◆ Work order
Transcribe exactly the lines below that begin at the line with "3.git stash pop恢复最新的进度到工作区。git默认会把工作区和暂存区的改动都恢复到工作区。git" and stop after the line with "Säljer dessa otroligt", leaving out every picture.

◆ Materials provided
==============================

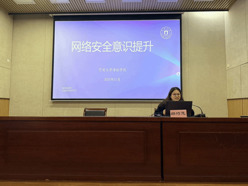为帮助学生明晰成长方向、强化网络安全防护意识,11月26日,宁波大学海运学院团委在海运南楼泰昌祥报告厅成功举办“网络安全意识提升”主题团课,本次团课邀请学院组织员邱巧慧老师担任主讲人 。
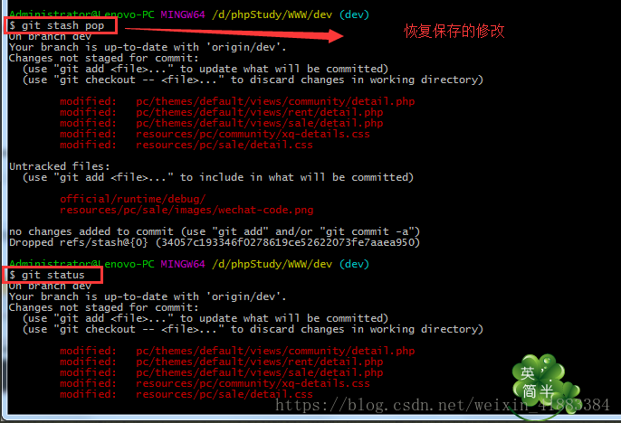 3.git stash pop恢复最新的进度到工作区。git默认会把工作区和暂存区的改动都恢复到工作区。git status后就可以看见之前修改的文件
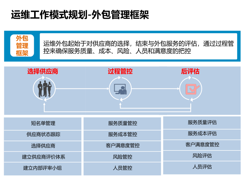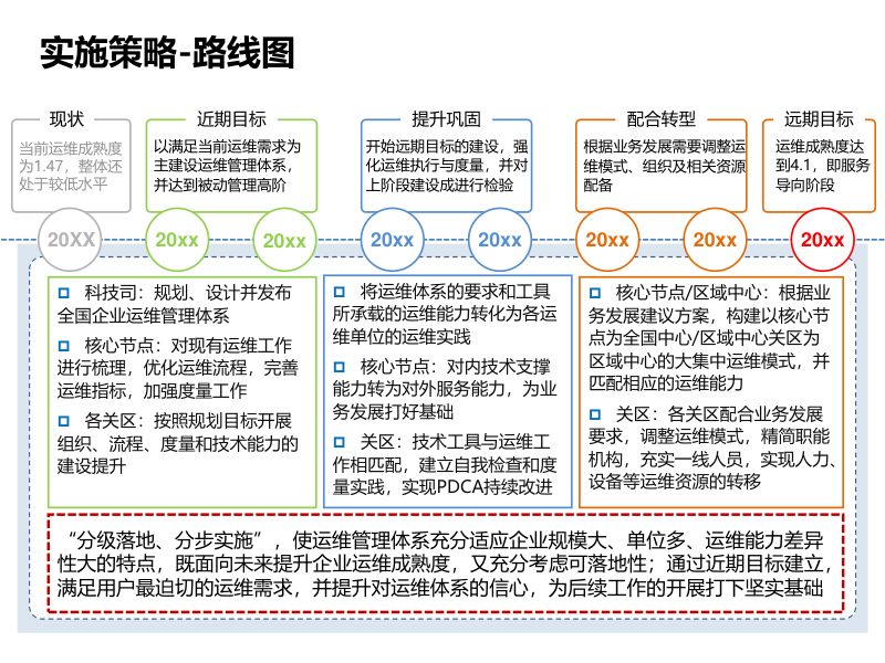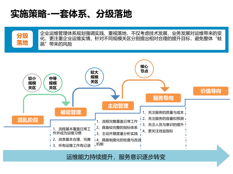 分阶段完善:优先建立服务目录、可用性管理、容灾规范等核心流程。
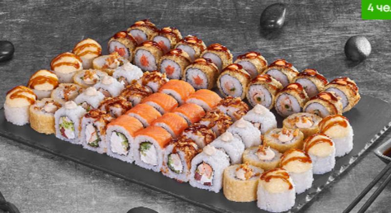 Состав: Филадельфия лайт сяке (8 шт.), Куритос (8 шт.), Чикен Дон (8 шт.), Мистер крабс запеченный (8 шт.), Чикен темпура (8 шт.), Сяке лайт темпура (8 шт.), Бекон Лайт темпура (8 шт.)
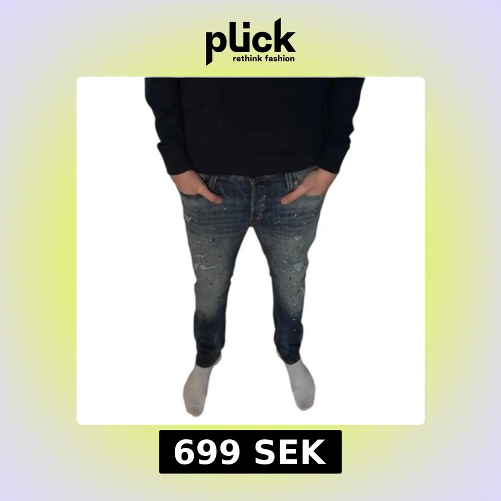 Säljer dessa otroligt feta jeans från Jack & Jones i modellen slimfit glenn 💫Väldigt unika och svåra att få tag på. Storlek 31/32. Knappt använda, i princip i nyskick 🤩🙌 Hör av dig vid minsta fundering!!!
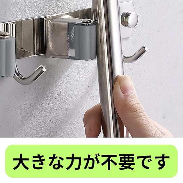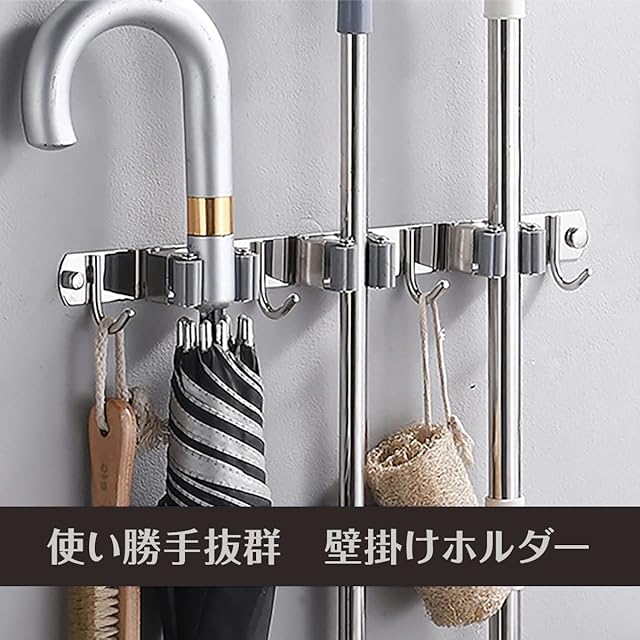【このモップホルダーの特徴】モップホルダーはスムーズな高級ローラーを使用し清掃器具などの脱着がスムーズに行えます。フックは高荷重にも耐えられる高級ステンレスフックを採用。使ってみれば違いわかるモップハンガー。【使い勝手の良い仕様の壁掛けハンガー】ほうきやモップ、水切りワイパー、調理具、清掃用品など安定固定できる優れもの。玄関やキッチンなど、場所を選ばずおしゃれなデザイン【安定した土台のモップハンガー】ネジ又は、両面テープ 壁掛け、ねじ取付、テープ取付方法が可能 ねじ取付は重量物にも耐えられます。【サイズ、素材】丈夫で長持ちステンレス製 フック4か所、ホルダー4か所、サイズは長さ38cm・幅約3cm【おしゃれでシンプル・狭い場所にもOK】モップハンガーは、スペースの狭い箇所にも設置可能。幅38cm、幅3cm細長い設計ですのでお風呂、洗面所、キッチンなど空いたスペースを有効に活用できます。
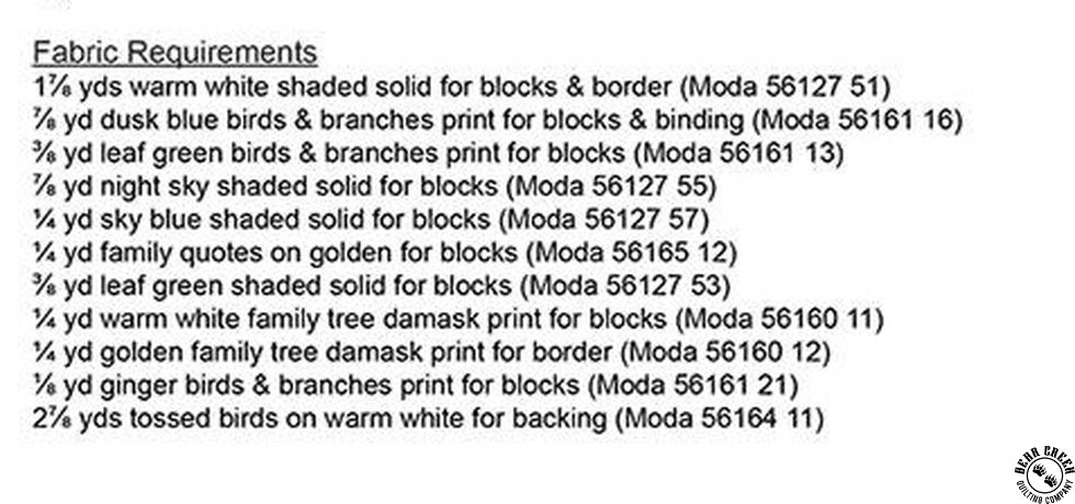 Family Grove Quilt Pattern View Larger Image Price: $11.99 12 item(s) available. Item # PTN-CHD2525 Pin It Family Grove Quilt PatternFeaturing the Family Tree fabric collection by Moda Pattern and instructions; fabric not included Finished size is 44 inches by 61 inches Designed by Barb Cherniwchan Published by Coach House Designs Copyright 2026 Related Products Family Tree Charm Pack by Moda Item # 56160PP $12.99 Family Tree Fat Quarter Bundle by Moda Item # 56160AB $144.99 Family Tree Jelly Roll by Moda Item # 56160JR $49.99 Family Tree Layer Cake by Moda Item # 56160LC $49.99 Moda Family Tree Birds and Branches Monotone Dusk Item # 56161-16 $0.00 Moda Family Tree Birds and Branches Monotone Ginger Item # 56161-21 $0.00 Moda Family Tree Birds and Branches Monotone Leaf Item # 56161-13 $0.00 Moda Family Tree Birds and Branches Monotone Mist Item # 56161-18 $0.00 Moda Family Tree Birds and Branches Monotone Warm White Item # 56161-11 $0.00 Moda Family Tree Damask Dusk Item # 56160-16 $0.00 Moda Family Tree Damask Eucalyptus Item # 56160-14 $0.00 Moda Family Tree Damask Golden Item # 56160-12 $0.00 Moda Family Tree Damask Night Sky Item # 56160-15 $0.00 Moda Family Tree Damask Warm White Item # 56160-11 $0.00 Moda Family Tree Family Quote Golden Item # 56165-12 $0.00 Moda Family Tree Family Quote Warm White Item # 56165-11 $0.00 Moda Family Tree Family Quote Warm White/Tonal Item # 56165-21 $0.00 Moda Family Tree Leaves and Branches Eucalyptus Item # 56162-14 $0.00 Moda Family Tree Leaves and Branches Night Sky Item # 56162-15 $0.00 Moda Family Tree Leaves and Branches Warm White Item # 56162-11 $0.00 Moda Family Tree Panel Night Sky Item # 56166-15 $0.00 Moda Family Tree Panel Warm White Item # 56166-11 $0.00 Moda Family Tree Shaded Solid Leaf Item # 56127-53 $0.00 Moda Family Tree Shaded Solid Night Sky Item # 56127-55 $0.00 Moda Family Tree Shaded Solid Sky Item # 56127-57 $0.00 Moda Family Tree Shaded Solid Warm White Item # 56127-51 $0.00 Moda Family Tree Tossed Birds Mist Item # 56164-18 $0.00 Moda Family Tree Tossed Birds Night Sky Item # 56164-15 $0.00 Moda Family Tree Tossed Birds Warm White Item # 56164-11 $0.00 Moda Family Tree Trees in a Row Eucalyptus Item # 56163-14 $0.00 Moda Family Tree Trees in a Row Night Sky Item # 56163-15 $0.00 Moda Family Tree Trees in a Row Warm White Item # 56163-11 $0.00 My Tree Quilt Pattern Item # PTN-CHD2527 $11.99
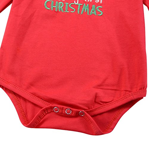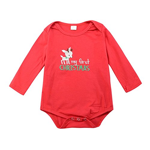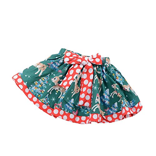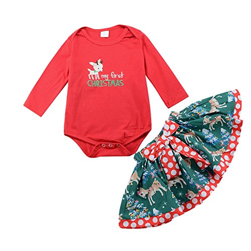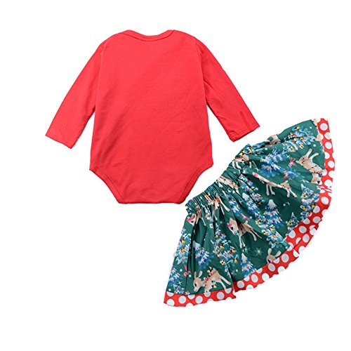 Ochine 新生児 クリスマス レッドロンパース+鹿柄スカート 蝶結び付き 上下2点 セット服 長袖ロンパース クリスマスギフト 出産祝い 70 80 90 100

==============================

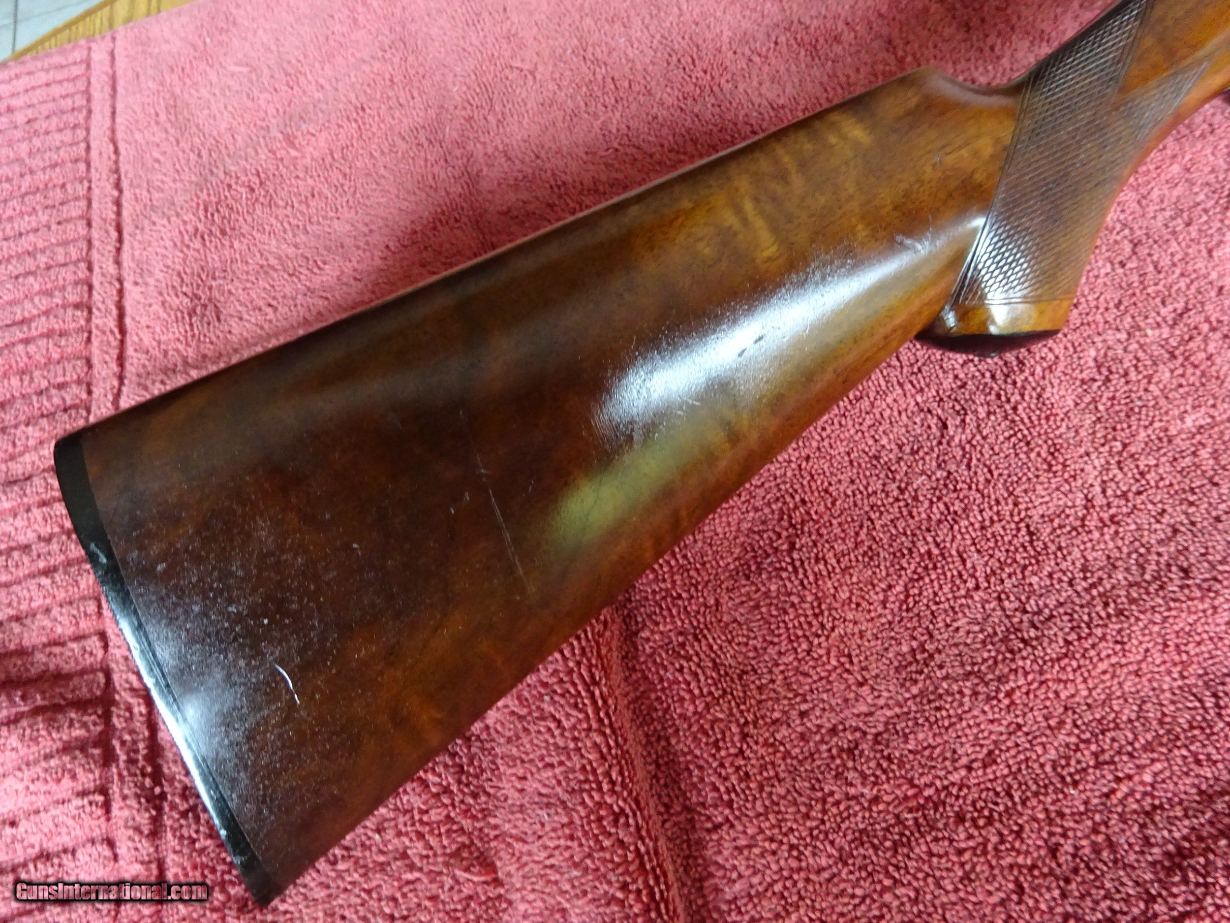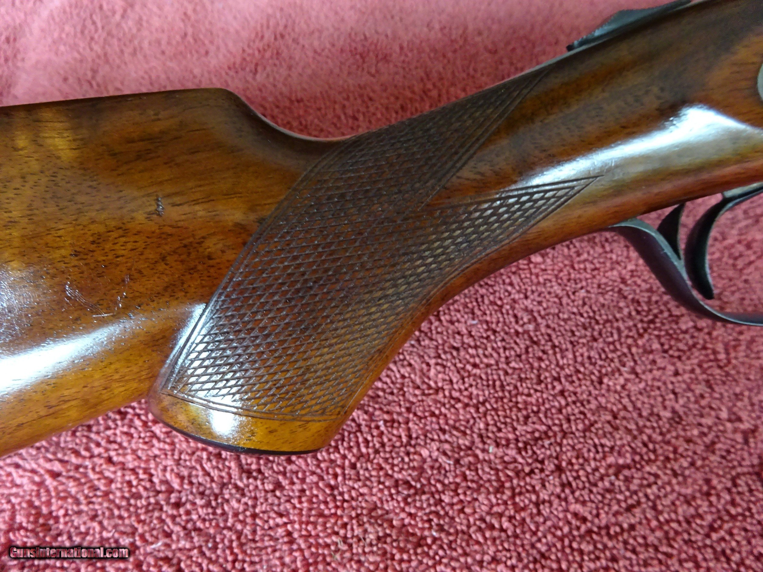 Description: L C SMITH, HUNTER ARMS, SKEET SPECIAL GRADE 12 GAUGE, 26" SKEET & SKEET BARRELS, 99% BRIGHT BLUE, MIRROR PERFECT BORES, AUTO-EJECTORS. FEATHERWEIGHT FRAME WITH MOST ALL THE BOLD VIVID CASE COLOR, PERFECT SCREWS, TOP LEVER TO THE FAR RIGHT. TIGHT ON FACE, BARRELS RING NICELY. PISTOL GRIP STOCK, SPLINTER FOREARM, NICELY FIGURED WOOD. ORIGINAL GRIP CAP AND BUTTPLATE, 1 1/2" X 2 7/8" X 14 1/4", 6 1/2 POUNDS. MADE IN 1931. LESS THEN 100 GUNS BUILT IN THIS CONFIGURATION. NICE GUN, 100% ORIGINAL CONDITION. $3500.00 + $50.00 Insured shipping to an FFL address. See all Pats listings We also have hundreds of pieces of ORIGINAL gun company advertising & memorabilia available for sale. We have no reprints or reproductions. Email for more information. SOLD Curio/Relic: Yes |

==============================

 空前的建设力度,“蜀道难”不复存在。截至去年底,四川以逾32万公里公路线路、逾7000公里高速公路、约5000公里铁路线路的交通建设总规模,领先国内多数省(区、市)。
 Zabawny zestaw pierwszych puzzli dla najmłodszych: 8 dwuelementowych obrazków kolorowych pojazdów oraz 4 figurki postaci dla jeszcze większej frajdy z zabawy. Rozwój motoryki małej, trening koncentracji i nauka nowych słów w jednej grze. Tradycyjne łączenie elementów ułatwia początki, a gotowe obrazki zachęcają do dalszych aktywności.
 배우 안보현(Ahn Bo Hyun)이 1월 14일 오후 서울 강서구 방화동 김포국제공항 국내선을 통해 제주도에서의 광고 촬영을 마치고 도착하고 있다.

==============================

◆ Response area
 3.git stash pop恢复最新的进度到工作区。git默认会把工作区和暂存区的改动都恢复到工作区。git status后就可以看见之前修改的文件
 分阶段完善:优先建立服务目录、可用性管理、容灾规范等核心流程。
 Состав: Филадельфия лайт сяке (8 шт.), Куритос (8 шт.), Чикен Дон (8 шт.), Мистер крабс запеченный (8 шт.), Чикен темпура (8 шт.), Сяке лайт темпура (8 шт.), Бекон Лайт темпура (8 шт.)
 Säljer dessa otroligt feta jeans från Jack & Jones i modellen slimfit glenn 💫Väldigt unika och svåra att få tag på. Storlek 31/32. Knappt använda, i princip i nyskick 🤩🙌 Hör av dig vid minsta fundering!!!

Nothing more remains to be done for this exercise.